Could the records below be restated word for word, without a single picture?
────────
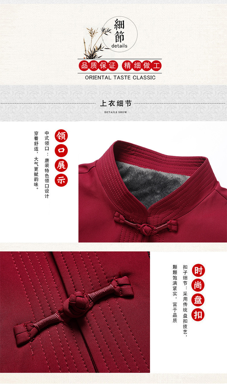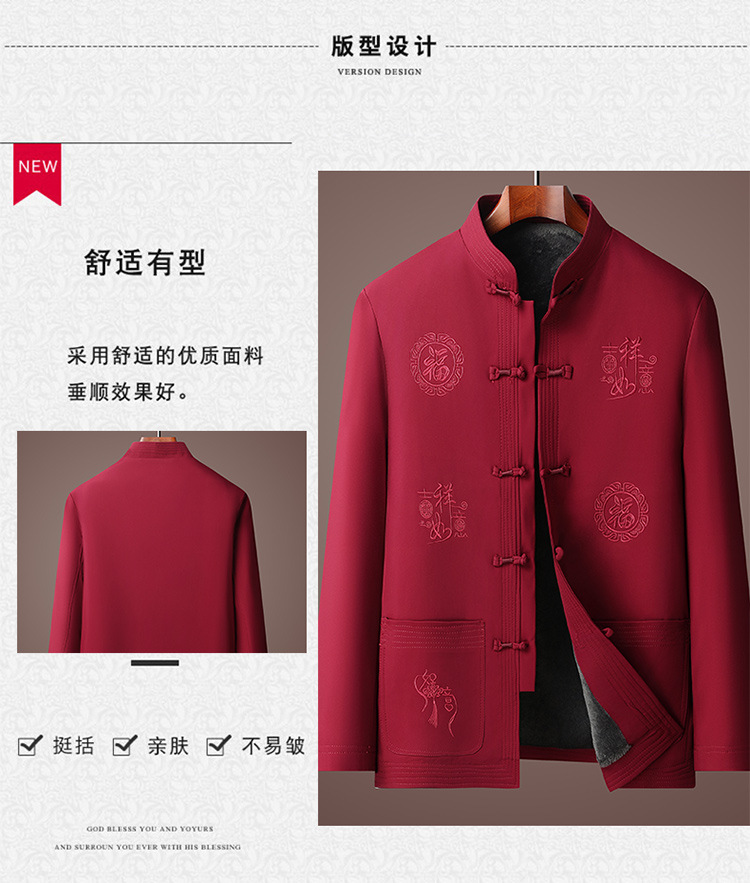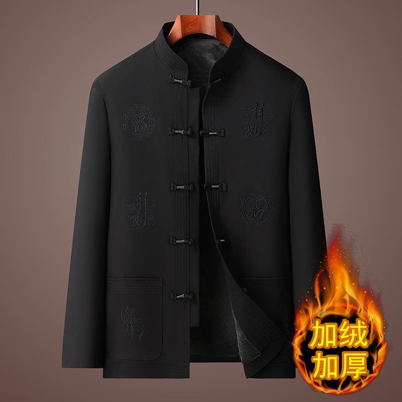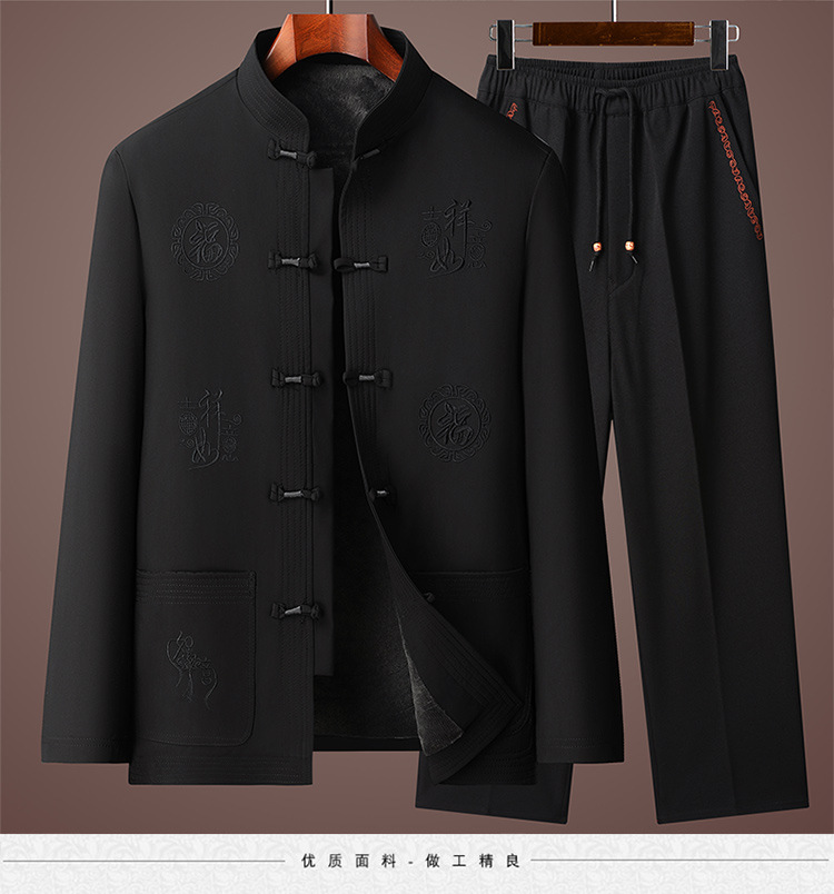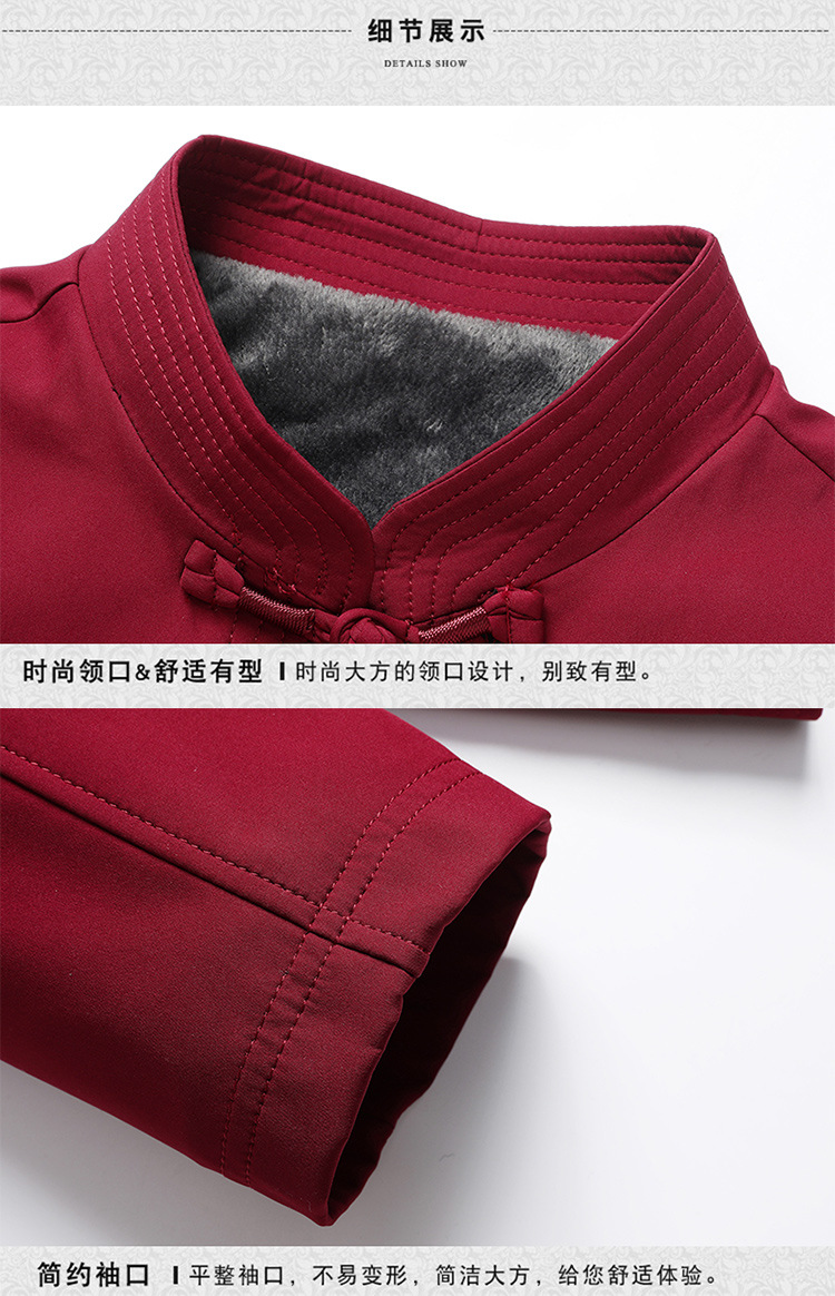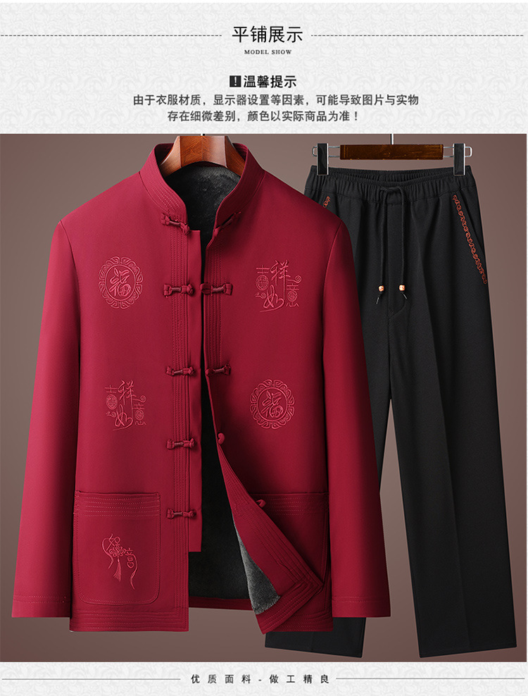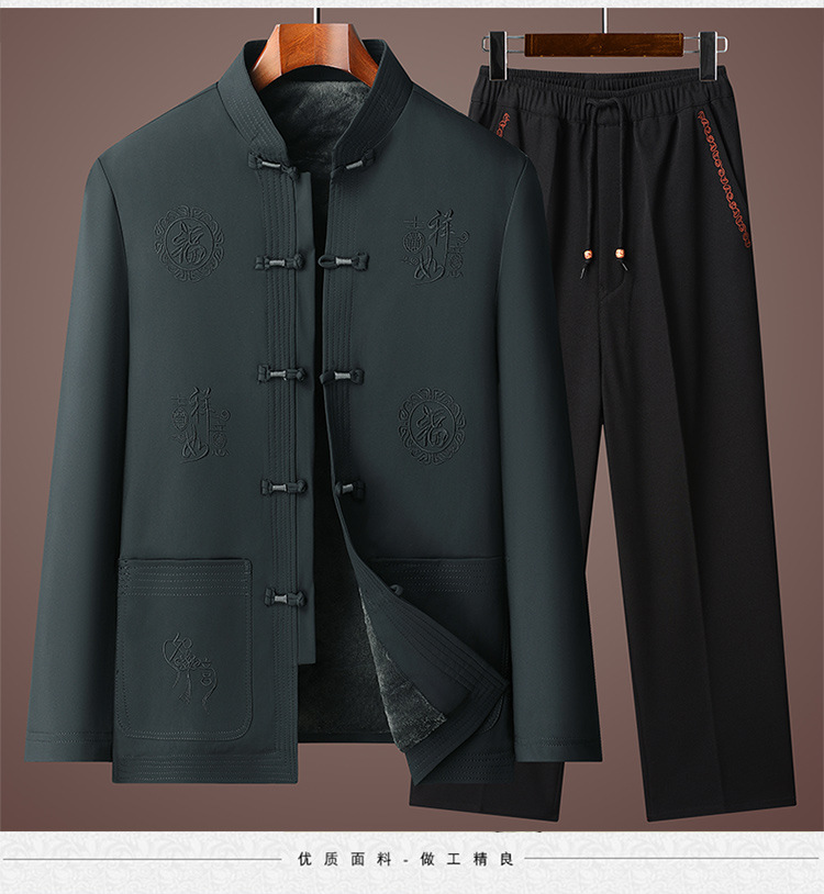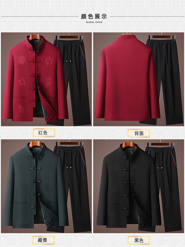 唐装男冬季加绒加厚爸爸棉衣套装中国风父亲棉袄老人爷爷生日外套
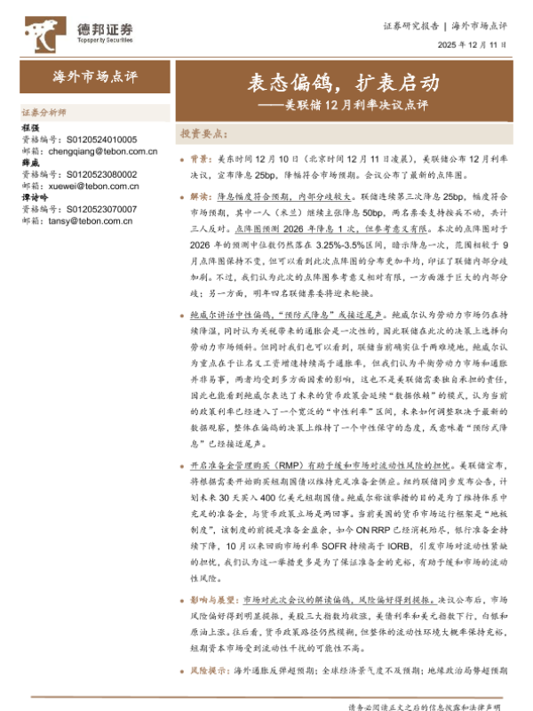 【民银国际研究团队】【202512】美联储降息且表态偏鸽,重新扩表意欲何为-17页 证券期货研究报告
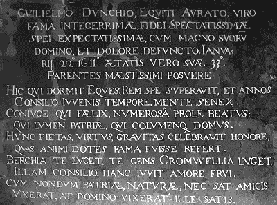 The Dunch Mortuary Chapel stood on the south side of the chancel of Little Wittenham Church until the building was almost entirely rebuilt in 1862. Of the many monuments to the family housed there, the prize was this costly monument of marble and alabaster, with the effigies of Sir William Dunch in armour and his lady, erected against the west wall. Old illustrations show the monument was once more elaborate than it is today, but its repositioning below the tower have made some adjustments necessary. Sir William (d. 1612) was the son of Sir Edmund Dunch, Kt, MP of Little Wittenham Manor, by his wife Anne, daughter and heir of Nicholas Fettiplace. He was MP for Wallingford in 1603, being knighted by King James I in the same year, at the house of George Fortescue, Esquire. He married Mary, fourth daughter of Sir Henry Cromwell, Kt (d. 1603) of Hinchinbrooke, Huntingdonshire, by his first wife Joan, daughter and heir of Sir Ralph Warren, Lord Mayor of London in 1536 and 1543. Mary was the aunt of the Protector, Oliver Cromwell, and the patriot, John Hampden. William died within his father's lifetime at the age of only thirty-three. The issue of the marriage were four sons and five daughters, as depicted on the base of the monument. The eldest son was Sir Edmund Dunch who became Lord Burnell of East Wittenham.
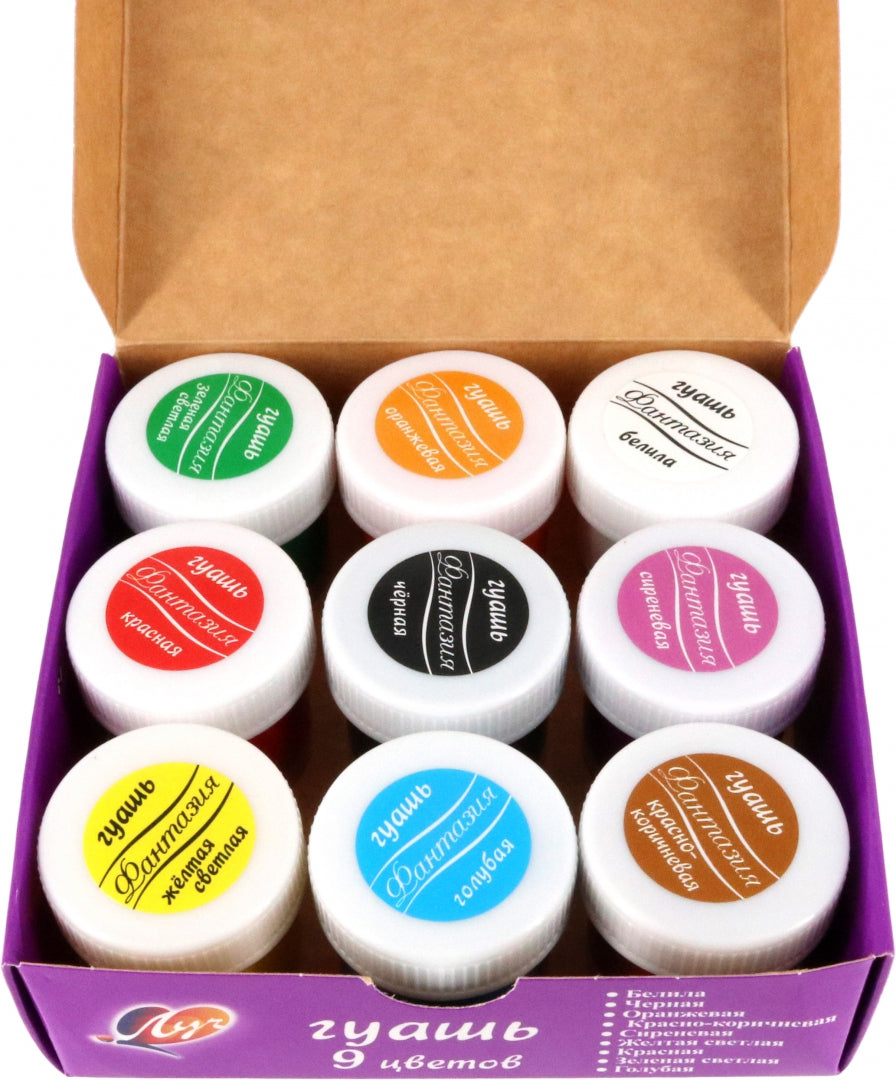Луч. Гуашь "Фантазия" 9 цв. по 15 мл. арт.25С 1528-08 /18*
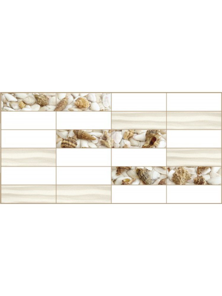 Листовые панели влагостойки и прекрасно моются. При минимальных затратах возможно быстрое создание современного, комфортного и уютного дома. Влагостойкая ПВХ панель 955×480 мм с дизайном плитки «Песчанный берег», проста в монтаже и уходе, идеальна для отделки стен в любых помещениях.
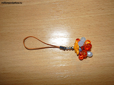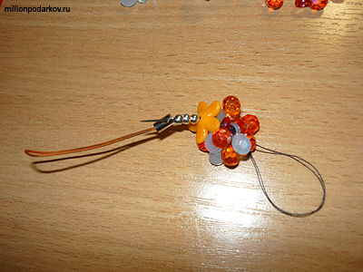 Нанизываем ещё 5 бусин. Затем сверху нанизываем бусину в виде цветка. А затем на нитку одеваем 3 бусины серебряного цвета. После этого продеваем иголку в крепежные отверстия шнурка для телефонных подвесок.
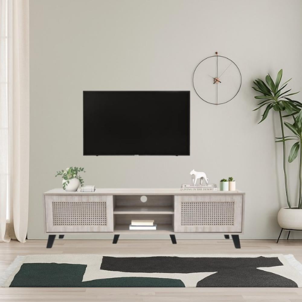 طاولة تلفاز عصرية تجمع بين الأناقة والعملية، مصممة لتكون القطعة المركزية في غرفة المعيشة الخاصة بك. تتميز بتصميم فريد يجمع بين اللون الخشبي الفاتح وشبك أنيق على الأبواب، مما يضفي لمسة جمالية راقية على ديكورك. توفر الطاولة مساحات تخزين متعددة، بما في ذلك أرفف مفتوحة للأجهزة الإلكترونية وبابين جانبيين لإخفاء الأغراض بعيدًا عن الأنظار. الأرجل الخشبية القوية باللون الأسود تضمن الثبات وتضيف لمسة عصرية للتصميم.
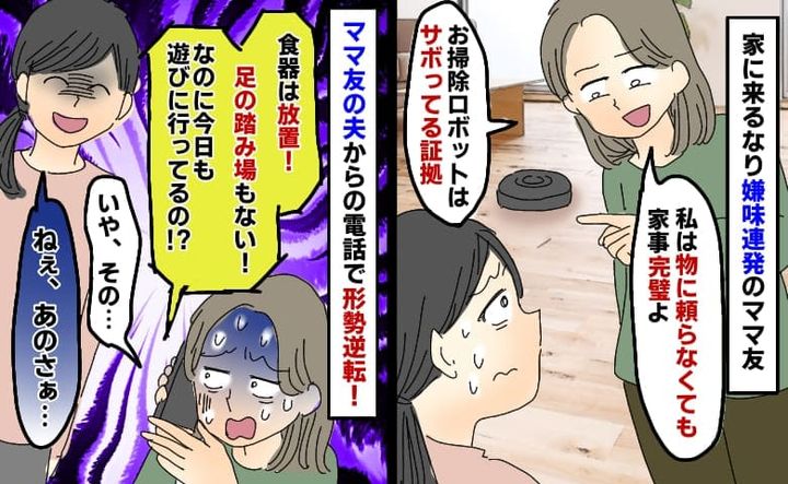 児童館で知り合ったママ友Aさんを自宅に招いたところ、家中を物色し、自分の家事や夫がどれだけすぐれているかというマウント発言を連発。ところが、ある人物からの電話をきっかけに、Aさんの様子が一変。遊びに来たはずのAさんが、赤面して帰ることになった理由とは……?
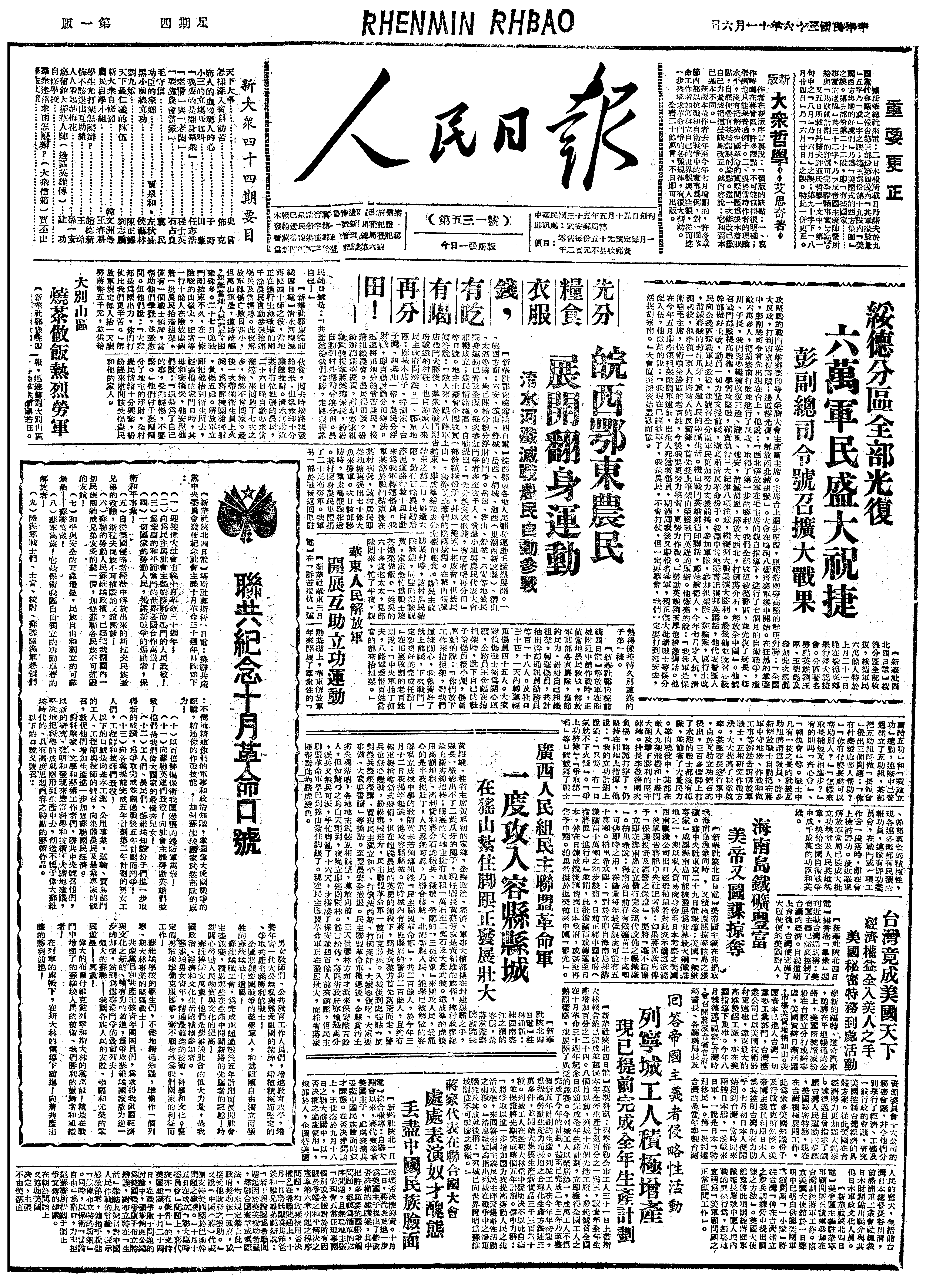 当此庆祝10月革命三十年的日子,中国人民应当相信,我们苦难的日子是完全能够度过的,什么困难也能克服,获有美国帝国主义援助的蒋介石反动集团,我们完全有把握将其彻底打倒。
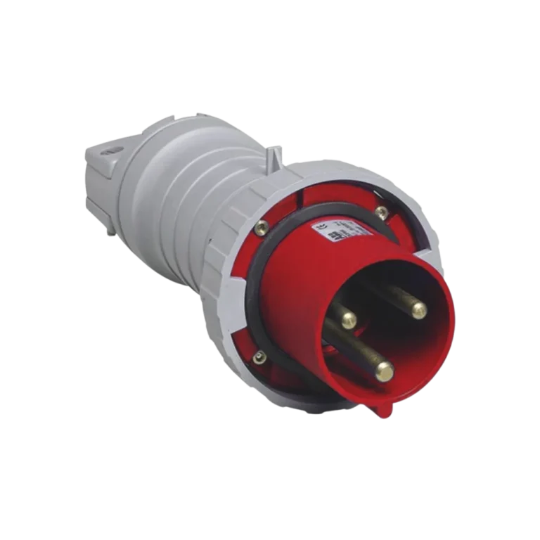 Plugue 3P+T 63 A com IP67, máxima vedação para aplicações severas. • Faixa: 380/415 V · 63 A • Grau: IP67 (poeira/imersão) • Construção: termoplástico reforçado, junta O-ring • Instalação: prensa-cabo e travamento seguro
────────
SOLUTION FOR THIS PROBLEM -
 唐装男冬季加绒加厚爸爸棉衣套装中国风父亲棉袄老人爷爷生日外套
 【民银国际研究团队】【202512】美联储降息且表态偏鸽,重新扩表意欲何为-17页 证券期货研究报告
 The Dunch Mortuary Chapel stood on the south side of the chancel of Little Wittenham Church until the building was almost entirely rebuilt in 1862. Of the many monuments to the family housed there, the prize was this costly monument of marble and alabaster, with the effigies of Sir William Dunch in armour and his lady, erected against the west wall. Old illustrations show the monument was once more elaborate than it is today, but its repositioning below the tower have made some adjustments necessary. Sir William (d. 1612) was the son of Sir Edmund Dunch, Kt, MP of Little Wittenham Manor, by his wife Anne, daughter and heir of Nicholas Fettiplace. He was MP for Wallingford in 1603, being knighted by King James I in the same year, at the house of George Fortescue, Esquire. He married Mary, fourth daughter of Sir Henry Cromwell, Kt (d. 1603) of Hinchinbrooke, Huntingdonshire, by his first wife Joan, daughter and heir of Sir Ralph Warren, Lord Mayor of London in 1536 and 1543. Mary was the aunt of the Protector, Oliver Cromwell, and the patriot, John Hampden. William died within his father's lifetime at the age of only thirty-three. The issue of the marriage were four sons and five daughters, as depicted on the base of the monument. The eldest son was Sir Edmund Dunch who became Lord Burnell of East Wittenham.
Луч. Гуашь "Фантазия" 9 цв. по 15 мл. арт.25С 1528-08 /18*
 Листовые панели влагостойки и прекрасно моются. При минимальных затратах возможно быстрое создание современного, комфортного и уютного дома. Влагостойкая ПВХ панель 955×480 мм с дизайном плитки «Песчанный берег», проста в монтаже и уходе, идеальна для отделки стен в любых помещениях.
 Нанизываем ещё 5 бусин. Затем сверху нанизываем бусину в виде цветка. А затем на нитку одеваем 3 бусины серебряного цвета. После этого продеваем иголку в крепежные отверстия шнурка для телефонных подвесок.
 طاولة تلفاز عصرية تجمع بين الأناقة والعملية، مصممة لتكون القطعة المركزية في غرفة المعيشة الخاصة بك. تتميز بتصميم فريد يجمع بين اللون الخشبي الفاتح وشبك أنيق على الأبواب، مما يضفي لمسة جمالية راقية على ديكورك. توفر الطاولة مساحات تخزين متعددة، بما في ذلك أرفف مفتوحة للأجهزة الإلكترونية وبابين جانبيين لإخفاء الأغراض بعيدًا عن الأنظار. الأرجل الخشبية القوية باللون الأسود تضمن الثبات وتضيف لمسة عصرية للتصميم.
 児童館で知り合ったママ友Aさんを自宅に招いたところ、家中を物色し、自分の家事や夫がどれだけすぐれているかというマウント発言を連発。ところが、ある人物からの電話をきっかけに、Aさんの様子が一変。遊びに来たはずのAさんが、赤面して帰ることになった理由とは……?
 当此庆祝10月革命三十年的日子,中国人民应当相信,我们苦难的日子是完全能够度过的,什么困难也能克服,获有美国帝国主义援助的蒋介石反动集团,我们完全有把握将其彻底打倒。
 Plugue 3P+T 63 A com IP67, máxima vedação para aplicações severas. • Faixa: 380/415 V · 63 A • Grau: IP67 (poeira/imersão) • Construção: termoplástico reforçado, junta O-ring • Instalação: prensa-cabo e travamento seguro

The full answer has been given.